Merging 3D Printing and the Circular Economy

Plan C in Belgium is launching a design challenge to further explore how 3D printing overlaps with circular economy.

A first response from Eric Hunting:

“I think the three biggest challenges at the moment for getting additive production to conform to the precepts of a circular economy are the nature of the materials, the economy of printing at large scales, and the need for alternative energy based transportation.

Materials matters in the context of sourcing sustainably and cheaply and recycling effectively at modest scale, which 3D printing materials have a big problem with right now. A promising growing effort has emerged in recycling 3D printing filament using desktop machines, but we’re still only scratching the surface. Other processes like CNC already offer sustainable materials options with the use of things like Ecoboard/Wheatboard made from agricultural waste and practical now for housing construction. I would be interested in exploring the possible additive production processes that might use materials like Zeoform, which Abhijit Anand Prabhudan recently clued me into. This could be a powerfully versatile sustainable material, if it could be unleashed from patent shackles.

One of the most important new application of 3D printing has been housing construction, but while there is much attention for this today, market forces and finance interests are likely to doom the technology to fringe application much as they have most other alternative building technology that could not somehow sneak into the house behind the sheetrock. Currently, 3D printed architecture is depending on systems of such extreme bulk, complexity, and expense that they are completely inaccessible to the communities we would hope this technology would most help. New and very different additive production technology and/or modular building techniques employing printing systems of smaller scale are needed, along with materials, to reduce system hardware scale and cost and thus realize the disruptive impact on housing we hope for it.

There is a chronic problem in the developing world with the perception of a need to ‘catch up’ with the west rather than developing appropriate local solutions. This is what drove designers like Nader Kahlili to such things as trying to sell ancient building techniques to NASA for moonbase use in order to make them seem ‘modern’ enough for the authorities of developing world countries.

Constantly overlooked in the proposition of independent production is transportation and the drag on sustainability created by relying on systems that are still fossil-fuel–and fossil-fuel industrial/political hegemony–dependent. New social production infrastructures need new transportation infrastructure too–and systems with very low operational economies of scale. I don’t think that gets explored enough. International and intercontinental transit are especially challenging given the usual gigantic operational economies of scale. What practical alternatives can be employed today? At present, most practical options are limited to the urban environment where distances are small–work bikes, small electric vehicles. These are well suited to independent production application, though they break down at the scales of prefabricated housing. And we have already seen 3D printing applied to bicycle and electric vehicles. But what of truly large systems traveling long distances? How might additive production impact that? What of the fair trade clipper/cruiser?

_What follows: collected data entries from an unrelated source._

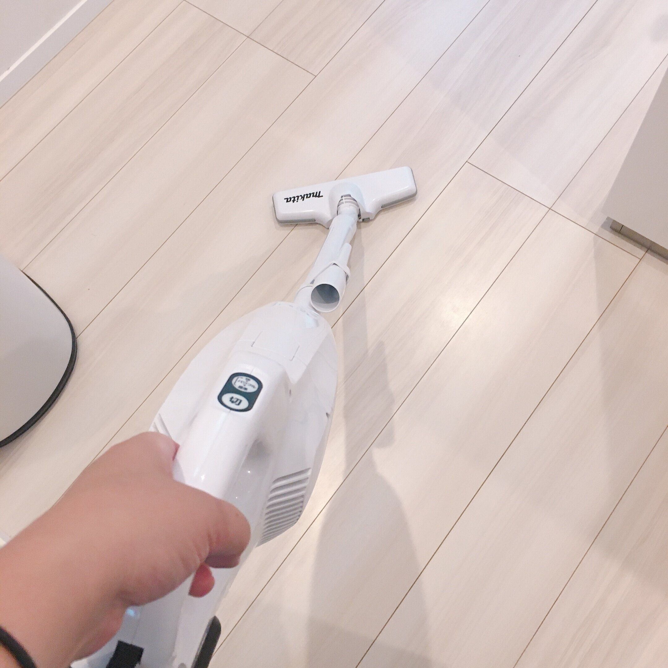 掃除機はコードレスタイプがおすすめ。コードを差す手間がひとつないだけで、ラクに掃除に取り組めます。また掃除機はリビングから死角になっているところに吊るしておくのが便利です。
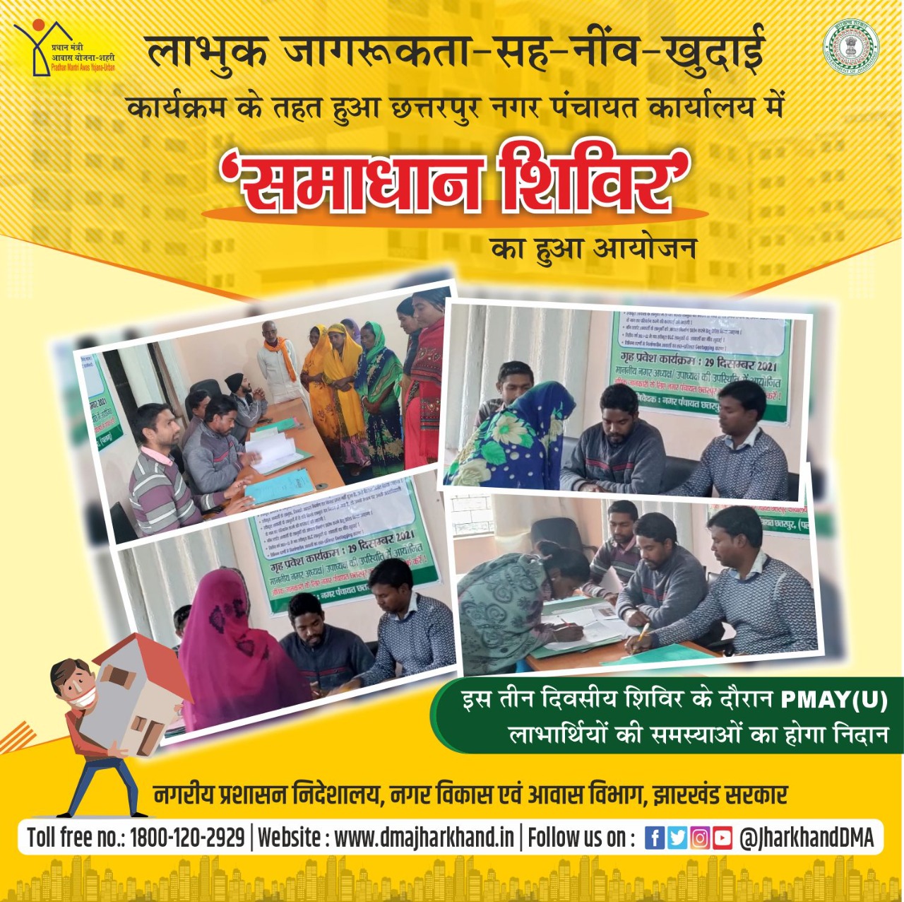 Photo collage of Samadhan Shivir programme for social media promotion under PMAY(U) Scheme.
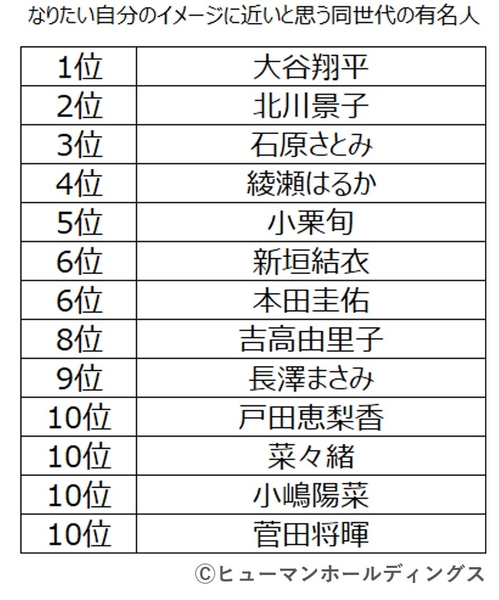 なりたい自分のイメージに近い有名人 1位:大谷翔平選手 2位:北川景子さん|上位者の共通点は「自己確立」
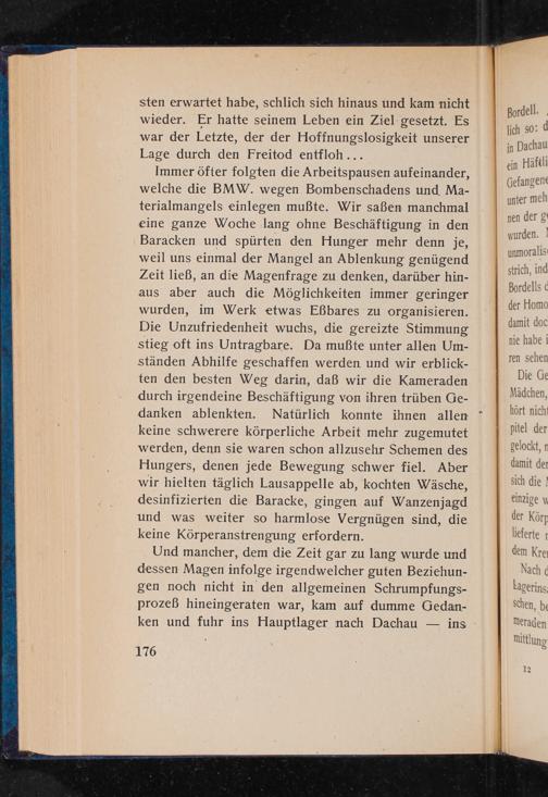 Und mancher, dem die Zeit gar zu lang wurde und dessen Magen infolge irgendwelcher guten Beziehungen noch nicht in den allgemeinen Schrumpfungsprozeß hineingeraten war, kam auf dumme Gedanken und fuhr ins Hauptlager nach Dachau ins
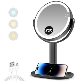 MIYADIVA Makeup Mirror with Lights,20X Magnifying Mirror with Light and Touch Switch,Vanity Mirror with 3 Color Light and 80 LEDs,2-Sided Lighted Magnified Mirrors 8.8 Inches, Black

Ships are interesting in that, even today, they aren’t actually industrially produced in the manner we usually imagine for industrial production. They tend to be built on-demand like custom houses, with a very high degree of manual labor. The ‘working waterman’ subculture has proven the existence of a surprisingly utilitarian sailing yacht industry producing ocean-going vessels in the 40′-60′ (12-18m) range that was enabled by the technology of fiberglass composites. But this is still very much a hand-craft with a high labor overhead leading to high vehicle costs. Though accessible to many westerners, a $100,000-$300,000 sailing yacht is as bad a life-long debt commitment as houses of similar cost. What might additive production technologies bring to this table? Could 3D printed eco-ships be the next big thing after 3D printed houses? What about even more exotic transportation? How about a 3D printed airship? Rigid monocoque composite airship structures have actually been demonstrated.”